To date, there have been 21 Poets Laureate since its inception in 1668.

20 men; 1 woman. 20 English men; 1 non-English woman. 20 straight men; 1 openly gay woman. 21 White poets; 0 poets of colour.

For me, this encapsulates the issue which study of English Literature faces. Institutionally, it is still very much the preserve of dead, white men – examination boards, Universities, public celebrations of Literature are still fixated on the work of a very narrow set of writers, involving a very narrow set of characters and narratives. Speaking before the appointment of current Laureate, Simon Armitage, black British poet Benjamin Zephaniah responded to vociferous speculation and calls for his appointment by stating

John Agard, photograph by Jack Latham

“I have absolutely no interest in this job. I won’t work for them. They oppress me, they upset me, and they are not worthy.” The appointment of a poet of colour to this position would have huge and significant impact on English Literature – encouraging people to celebrate their voice, whatever their colour, class, sexuality, gender identity, and in 2021 this is hugely overdue, in my opinion. There are many worthy and extremely capable poets who fall into this category, but my choice would be for John Agard, a regular and very popular contributor to GCSE poetry anthologies, and someone who effortlessly questions and challenges oppression. Many readers will be familiar with ‘Checking Out Me History’, which questions the oppression evident in the British curriculum imposed upon him as a child, but also rallies readers to find their own figures of significance in their lives, like Agard who is “checking out me own history, I carving out me identity”.

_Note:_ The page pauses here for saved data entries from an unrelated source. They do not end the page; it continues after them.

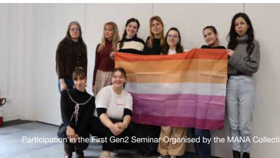
Participation in the First Gen2 Seminar Organised by the MANA Collective, Novi Sad, 26–20 January 2026

Through the exchange of experiences, knowledge and good practices, the seminar once again confirmed the importance of solidarity and collective learning in creating safer and more equitable spaces for all. Gatherings such as this continue to inspire us to build strong alliances and push the boundaries of inclusive and accountable work across the region throughout 2026.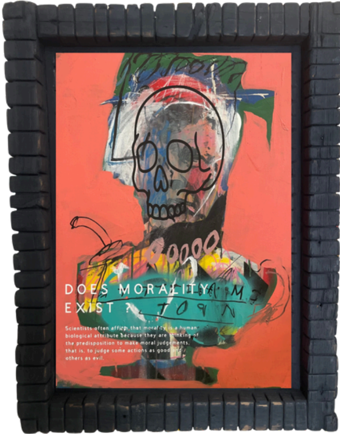
Morality - acrylic paint on canvas with handmade frame - 2026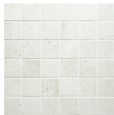
2 x 2 Mosaic Mesh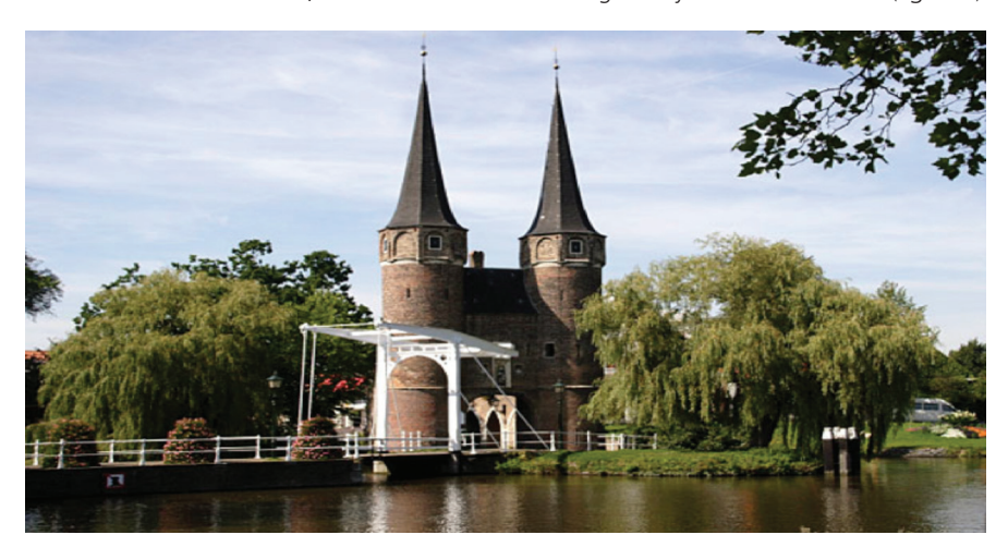
Figure 1. The famous Lions Gate

Some of the most important origins of staining date back not to a scientist, but to a Dutch draper known as Antonie Van Leeuwenhoek (1632 – 1734), whose hobby was the grinding of glass, which he used to examine threads in fabrics and later a variety of biological samples. Born Thonis Philipszoon, he became known as Van Leeuwenhoek perhaps as he was born in a house on the corner of Lions Gate in Delft, Van Leeuwenhoek translating literally as From Lions Gate. (Figure 1)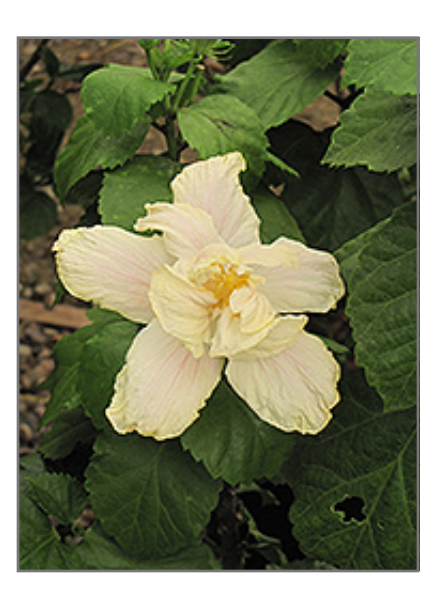
White Kalakaua Hibiscus flowers

When grown indoors, White Kalakaua Hibiscus can be expected to grow to be about 5 feet tall at maturity, with a spread of 4 feet. It grows at a fast rate, and under ideal conditions can be expected to live for approximately 5 years. This houseplant will do well in a location that gets either direct or indirect sunlight, although it will usually require a more brightly-lit environment than what artificial indoor lighting alone can provide. It requires an evenly moist well-drained soil for optimal growth, but will suffer if left to grow in standing water. The surface of the soil shouldn't be allowed to dry out completely, and so you should expect to water this plant once and possibly even twice each week. Be aware that your particular watering schedule may vary depending on its location in the room, the pot size, plant size and other conditions; if in doubt, ask one of our experts in the store for advice. It will benefit from a regular feeding with a general-purpose fertilizer with every second or third watering. It is not particular as to soil pH, but grows best in rich soil. Contact the store for specific recommendations on pre-mixed potting soil for this plant.

Speaking on behalf of the English team at Shrewsbury High School, we are excited by our challenge to bring more diverse voices to the classroom in future years; a challenge we have already begun making progress towards addressing. More widely, I urge all students of English Literature - whether they are students at school, parents of children at school, adults who work with children, or just people who like to read – to find ways to embrace and promote a sense of diversity in their reading. Find something – share it. Without people being their own agents of change, finding and celebrating their own voices and stories from across the world and from across time, we will never be able to say that English Literature embraces diversity and the canon will remain as closed and exclusive as it sadly is today.

To begin with, here is one of my favourite poems by John Agard – his ‘Alternative Anthem’:

“Alternative Anthem.

Put the kettle on Put the kettle on It is the British answer to Armageddon.

Never mind taxes rise Never mind trains are late One thing you can be sure of and that’s the kettle, mate.

It’s not whether you lose It’s not whether you win It’s whether or not you’ve plugged the kettle in.

May the kettle ever hiss May the kettle ever steam It is the engine that drives our nation’s dream.

Long live the kettle that rules over us May it be limescale free Wand may it never rust.

Sing it on the beaches Sing it from the housetops The sun may set on empire but the kettle never stops.”